Im exklusiven Supperclub le duc salon von The Duc Ngo gibt es neben den hochpreisigen Seafood- und Indochine-Menüs auch die günstigere Ramen-Variante, um das Pop-up kennenzulernen.

Neben aller Freude an der neu entdeckten, relativen Niedrigschwelligkeit und Lust am gut gemachten Klassiker dürfte bei den entsprechenden Angeboten aus den Restaurants der Premiumkategorie auch die zuletzt krisenbedingt gestiegene Preissensibilität der Gäste eine Rolle spielen. In Berlins einzigem Drei-Sterne-Restaurant Rutz werden Tische bis Ende Juli von Dienstag bis Donnerstag derzeit zum reduzierten Menüpreis von 265 statt 300 Euro (7 Gänge) und 285 statt 320 Euro (8 Gänge) vergeben.
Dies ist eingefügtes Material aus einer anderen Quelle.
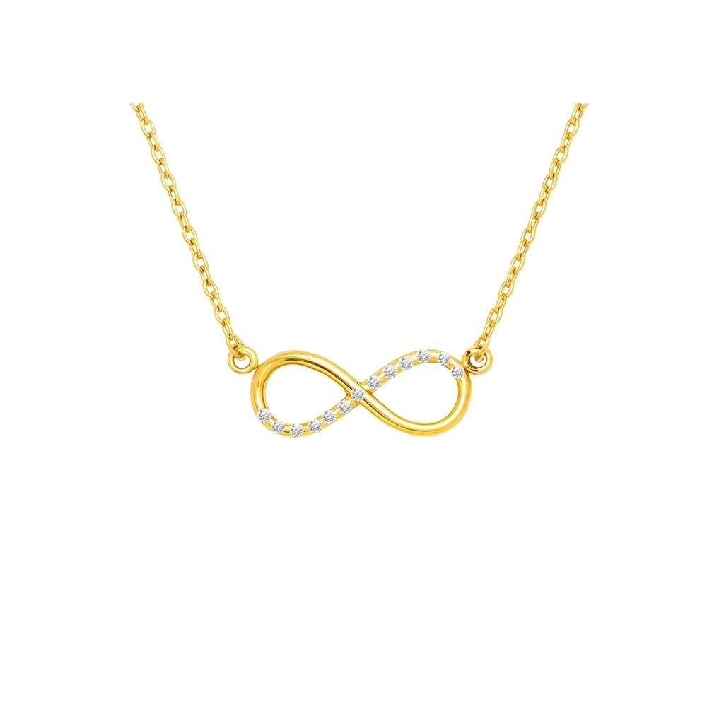 This sparkling infinity necklace translates a timeless symbol into a refined modern form. Crafted from stainless steel and finished with warm 18K gold plating, the infinity motif is accented with subtle sparkle that catches light without overwhelming the design. The curves flow smoothly, creating a sense of balance and continuity. A piece that feels gentle, meaningful, and quietly luminous.
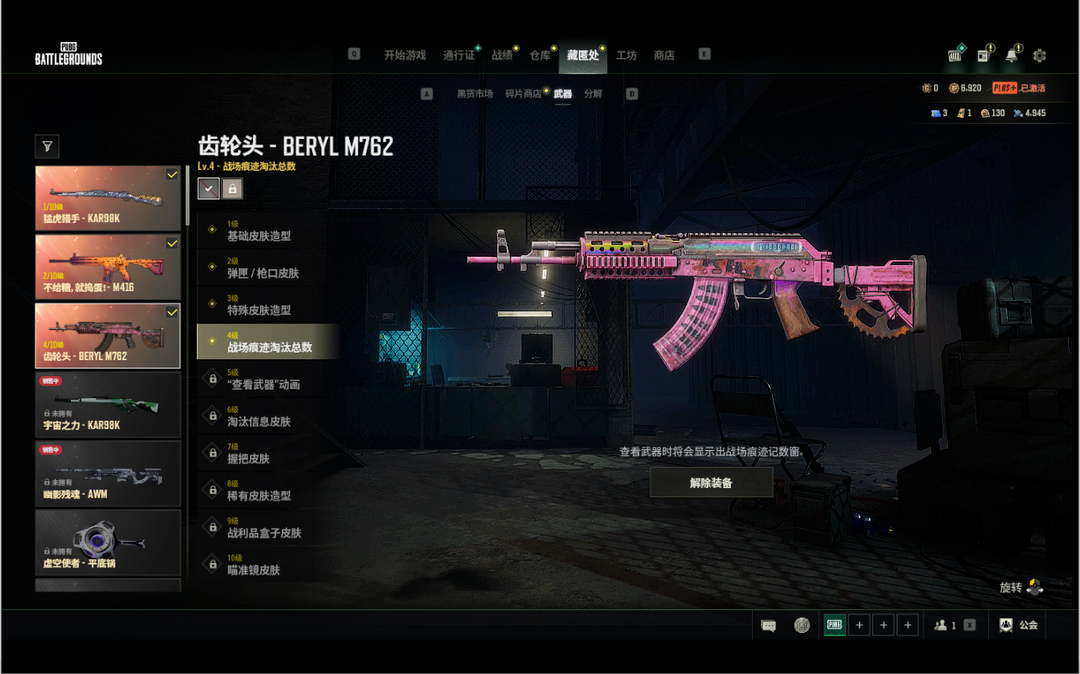 装备描述:可排位号双色阿斯顿马丁丶4级齿轮头762丶二级捣蛋m4猛虎98k金面超多绝版皮肤

Im Horváth steht jeden Mittwoch und Donnerstag ein Vier-Gänge-Horváth-Klassiker-Menü inklusive korrespondierender Getränke und Wasser für 195 Euro zur Auswahl.
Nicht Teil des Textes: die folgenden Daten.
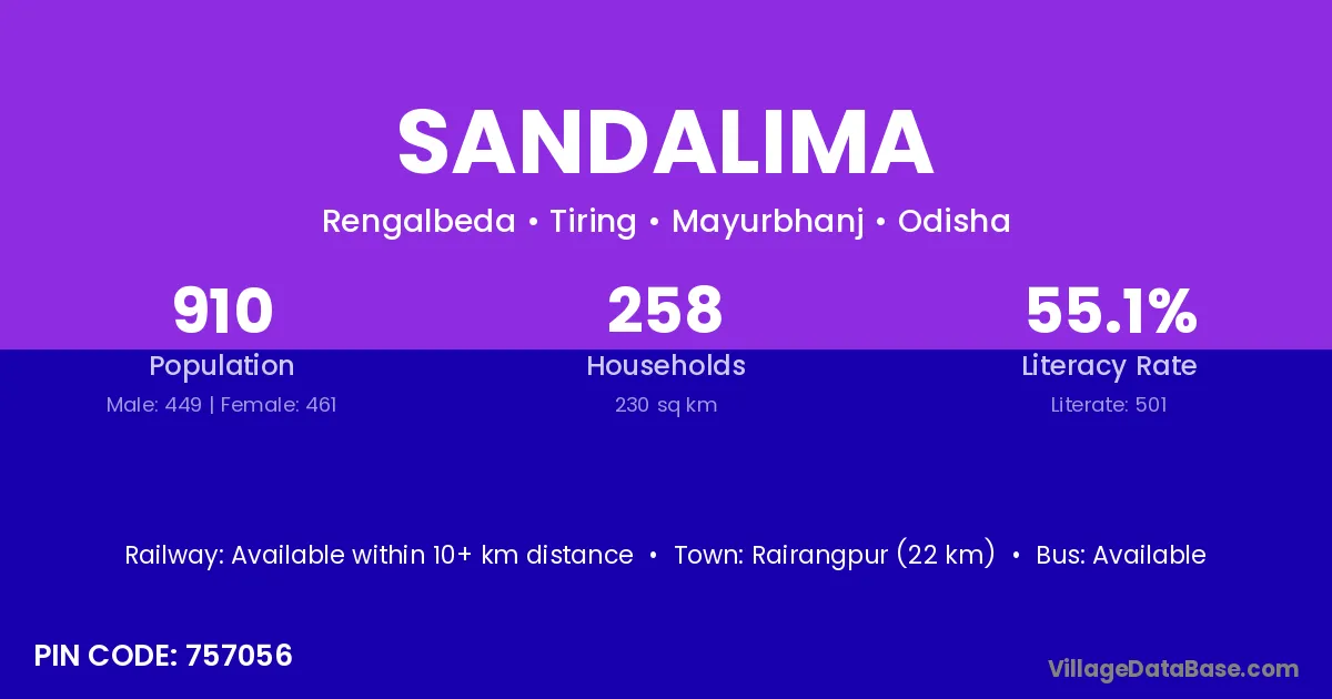 Rairangpur (22 km) is the nearest town to Sandalima village for major economic activities and is located approximately 22 km away.

Im Trio hingegen ist die Bodenständigkeit alleiniges Gesamtkonzept. In schlichter Kantinen-Atmosphäre treffen sich dort junge Hipster und Ur-Berliner zu Senfei, Forelle Müllerin, Matjessalat oder Königsberger Klopse. Alle Gerichte sind frei von Neuinterpretationen oder anderem schmückenden Schnickschnack, sondern schmecken genau so, wie man es aus Omas Küche in Erinnerung hat. Schaut man sich den Andrang an, scheint genau das die Sehnsucht der Stunde zu sein.

Trio
Linienstraße 13, Mitte, www.trioberlin.net, Do-Mo 18-23 Uhr

Nobelhart & Schmutzig
Friedrichstraße 218, Kreuzberg, www.nobelhartundschmutzig.com, Di-Sa ab 18.30 Uhr

Keit – Stullen Bar
Grünberger Straße 75, Friedrichshain, www.keit.berlin, Sa 11-17 Uhr, So 11-16 Uhr

Restaurant Macionga
Xantener Straße 9, Wilmersdorf, www.restaurantmacionga.com, Do-Mo ab 18 Uhr

Eins44
Elbestraße 28/29, Neukölln, www.eins44.com, Aperitif-Menü: Di-Do 18-19.30 Uhr, Menü: Di-Sa 18.30-23 Uhr

le duc salon
Kantstraße 30, Charlottenburg, www.leducberlin.de

Rutz
Chausseestraße 8, Mitte, www.rutz-restaurant.de, Mo-Fr ab 18 Uhr, Di, Mi+Do reduzierter Menüpreis (bis 24.7.)

Horváth
Paul-Lincke-Ufer 44A, Kreuzberg, www.restaurant-horvath.de, Horváth-Klassiker-Menü: Mi+Do ab 18.30 Uhr, Menü: Mi-Sa ab 18.30 Uhr (Betriebsferien: 17.7. bis 3.8.)